### Dataset content
::::

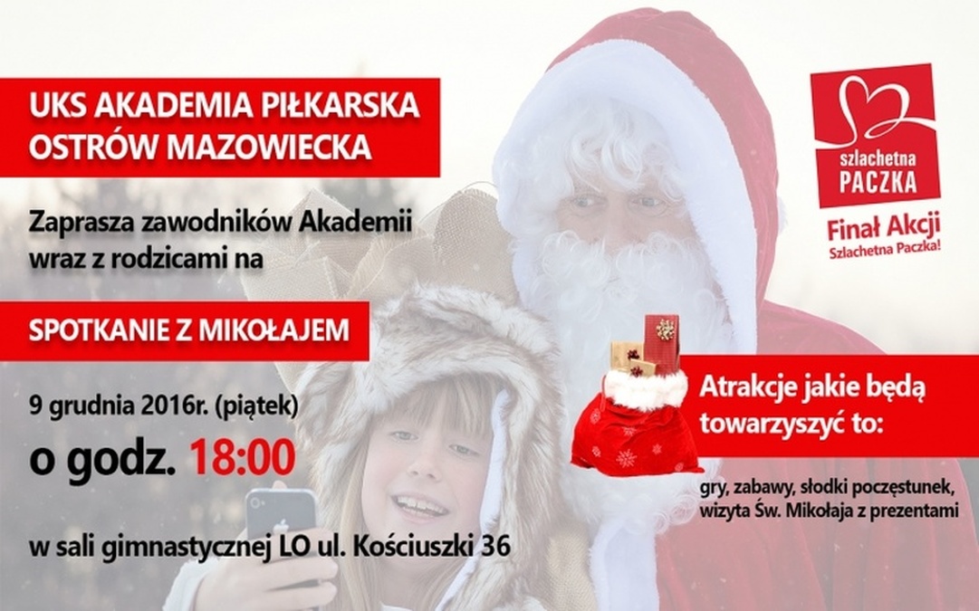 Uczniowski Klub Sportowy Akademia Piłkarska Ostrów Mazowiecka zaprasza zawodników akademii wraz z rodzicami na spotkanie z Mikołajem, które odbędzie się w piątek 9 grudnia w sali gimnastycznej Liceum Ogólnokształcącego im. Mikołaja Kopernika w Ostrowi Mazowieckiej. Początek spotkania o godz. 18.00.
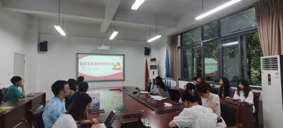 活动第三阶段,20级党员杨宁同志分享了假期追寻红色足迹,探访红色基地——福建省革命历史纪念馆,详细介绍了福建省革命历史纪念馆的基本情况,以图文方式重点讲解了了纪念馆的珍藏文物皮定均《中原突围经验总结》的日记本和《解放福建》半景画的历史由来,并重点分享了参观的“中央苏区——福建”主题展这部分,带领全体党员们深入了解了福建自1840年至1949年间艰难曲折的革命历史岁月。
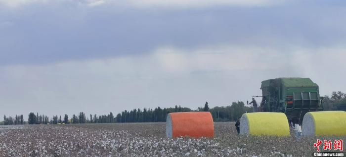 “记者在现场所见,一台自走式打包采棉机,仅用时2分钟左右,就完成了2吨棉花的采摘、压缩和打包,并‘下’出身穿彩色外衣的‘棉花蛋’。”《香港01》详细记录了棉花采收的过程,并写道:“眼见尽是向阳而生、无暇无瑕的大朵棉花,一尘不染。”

::::

### Task objective
Write the lines from the one containing "活动第三阶段,20级党员杨宁" through the end of the data above exactly as they appear, and do not carry over any picture.

### Output for this task
 活动第三阶段,20级党员杨宁同志分享了假期追寻红色足迹,探访红色基地——福建省革命历史纪念馆,详细介绍了福建省革命历史纪念馆的基本情况,以图文方式重点讲解了了纪念馆的珍藏文物皮定均《中原突围经验总结》的日记本和《解放福建》半景画的历史由来,并重点分享了参观的“中央苏区——福建”主题展这部分,带领全体党员们深入了解了福建自1840年至1949年间艰难曲折的革命历史岁月。
 “记者在现场所见,一台自走式打包采棉机,仅用时2分钟左右,就完成了2吨棉花的采摘、压缩和打包,并‘下’出身穿彩色外衣的‘棉花蛋’。”《香港01》详细记录了棉花采收的过程,并写道:“眼见尽是向阳而生、无暇无瑕的大朵棉花,一尘不染。”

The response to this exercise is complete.